トルコとインドネシア、二国間会談で「100億ドル貿易」目標に向け協力を強化
トルコのハカン・フィダン外務大臣は、インドネシアを訪問し、両国間の成長するパートナーシップを確固たるものにするため、インドネシアのプラボウォ・スビアン東大統領と会談を行った。この会談は、両国が経済関係を拡大し、昨年4月に合意した100億ドルの二国間貿易目標を達成することを目指している。会談では、防衛、エネルギー、新興技術といった戦略的分野での協力を深めることに焦点が当てられた。具体的には、防衛産業における協力強化(トルコの無人航空機システムや装甲車など)、エネルギープロジェクト(送電、発電、再生可能エネルギー)、人工知能(AI)、そしてハラル食品産業での共同開発が議論された。フィダン外務大臣は、会談が「非常に生産的」であり、両国が共有する「広範な議題」を進展させたと述べた。両国は、単に経済的な目標達成を目指すだけでなく、グローバルサウスの共通の立場から、国際的な場でより大きな影響力を持つ「中堅国」としての地位を確立することを目指している。貿易額は2023年の21億ドルから2024年には約24億ドルに増加しており、この勢いを維持し、100億ドルという目標に近づけることが、地域政治における両国の外交的地位向上に繋がると期待されている。また、両国は地理的に戦略的な要衝に位置する大人口のイスラム教徒多数国の共通点や、ガザ情勢におけるイスラエルへの批判的な共通の国際的立場も、関係を深める要因となっている。
背景
トルコとインドネシアは、ともに地理的に戦略的な要衝に位置する大人口のイスラム教徒多数国であり、近年、グローバルサウスの枠組みで連携を深めている。両国は、従来の主要な経済ブロック(米中など)に完全に依存せず、自律的な外交政策と経済成長を目指す「中堅国」としての共通の意識を持つ。この会談は、その戦略的連携を具体的な経済・安全保障分野に落とし込む動きである。
重要用語解説
- グローバルサウス: 主に経済的・政治的に先進国(グローバルノース)とは異なる立場にある発展途上国群を指す概念。共通の課題意識や連携を通じて、国際的な発言力を高めようとする動きの背景にある。

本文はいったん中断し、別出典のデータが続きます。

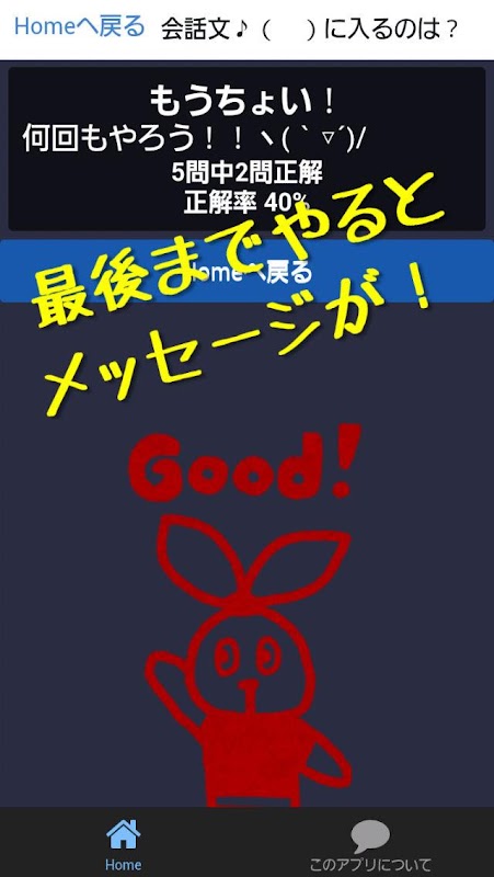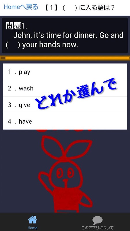 このアプリでは、英語の基礎的な内容、会話文の問題が取り組めます。

- 中堅国(ミドルパワー): 特定の超大国に属さず、独自の外交政策や経済力によって国際社会で一定の影響力を持つことを目指す国家群。自律性と多極的な国際秩序を志向する。
- ハラル食品産業: イスラム教の教義に基づき、食用や使用が許された食材・製品を指す。世界的なイスラム人口の増加に伴い、巨大な市場として注目されている分野である。
今後の影響
100億ドルという目標達成は、両国の経済的な結びつきを劇的に強化し、特に防衛やAIといった先端分野での共同開発を加速させる。これは、単なる貿易拡大に留まらず、両国がグローバルサウスのリーダーシップを共有し、国際的な多国間フォーラム(G20など)において共同で発言力を高める外交的な基盤となることが予想される。今後のエネルギーやインフラ投資の共同プロジェクトが鍵となる。